◆ **Task description**: Every line from the start of the entries up to and including the one bearing "优惠政策方面,景区原优免票政" must be printed verbatim, without the pictures.

+--

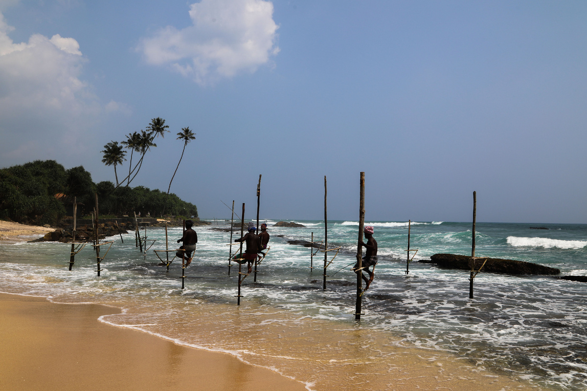 Завершающим пунктом нашего маршрута стало знакомство с необычным способом рыбной ловли. К сожалению, мы прибыли в неудачное время, так как рыбалка приходится на раннее утро (до 9:00) и предвечерние часы (после 16:00), когда рыба подплывает к берегу. Местные рыболовы специализируются на добыче небольших видов рыб, преимущественно пятнистой сельди и скумбрии, используя для хранения улова специальные рыболовные сумки.
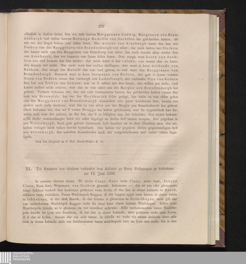 XL. Die Knappen von Grabow verkaufen dem Kalande zu Burg Besitzungen zu Lebbekune,[...]
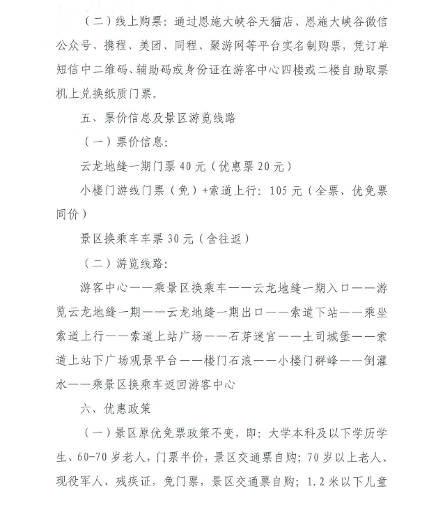 优惠政策方面,景区原优免票政策不变;与此同时,全国医护人员、援鄂医疗队员、天津援助恩施医疗队员按湖北省文旅厅、恩施市文旅局相关优惠政策(凭有效证件)免门票;天津市民凭有效证件享受门票半价。
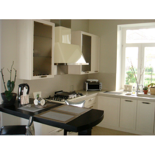 Интересный рисунок камня Sweet Peanut F- 303 имеет коричневые крупицы, очень похожие на рассыпанную гречку, которые придали слега темно-коричневый оттенок всей кухне. Данная столешница из искусственного камня имеет П-образную форму. И так как газовая варочная поверхность толщиной достигает более 6 см., чтобы избежать подреза шкафов кухни, использовалась толщина столешницы 6 см. Так же необходимо делать вентиляционные окна в подложке фанеры, когда устанавливается индукционная или газовая варочная поверхность. Они обеспечивают необходимую вентиляцию в монтажном пространстве техники, обеспечивая правильную и бесперебойную работу варочной поверхности. Переход столешницы из искусственного камня в подоконник окна увеличивает рабочую зону. На данном объекте в подоконнике был сделан вырез под обогреватель, зазор между камнем и габаритами обогревателя сделан минимальный - 1,5 миллиметра. Фартук из искусственного камня по трем стенам и вырезами под розетки придает целостность конструкции между плоскостями. Такой эффект невозможен при использовании плитки на стене, которая добавляет дополнительные цвета и оттенки в кухне. Две мойки имеют размеры 400 × 400 × 200 и 160 × 300 × 200. Маленькую чашку можно использовать для измельчителя пищевых отходов in sink erator evolution 200 за 14000 рублей или других производителей. В столешнице необходимо сделать отверстие для кнопки измельчителя пищевых отходов. Полировка - полуглянец.
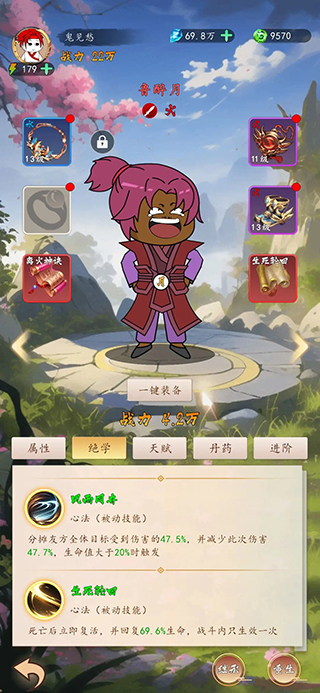 弟子的技能随机排列组合而生成,你很难得到完全一样的两个人物属性,由此衍生出的阵容搭配没有固定的公式,一切都是天机,一切都看造化。

+--

◆ **Solution to the exercise**:
 Завершающим пунктом нашего маршрута стало знакомство с необычным способом рыбной ловли. К сожалению, мы прибыли в неудачное время, так как рыбалка приходится на раннее утро (до 9:00) и предвечерние часы (после 16:00), когда рыба подплывает к берегу. Местные рыболовы специализируются на добыче небольших видов рыб, преимущественно пятнистой сельди и скумбрии, используя для хранения улова специальные рыболовные сумки.
 XL. Die Knappen von Grabow verkaufen dem Kalande zu Burg Besitzungen zu Lebbekune,[...]
 优惠政策方面,景区原优免票政策不变;与此同时,全国医护人员、援鄂医疗队员、天津援助恩施医疗队员按湖北省文旅厅、恩施市文旅局相关优惠政策(凭有效证件)免门票;天津市民凭有效证件享受门票半价。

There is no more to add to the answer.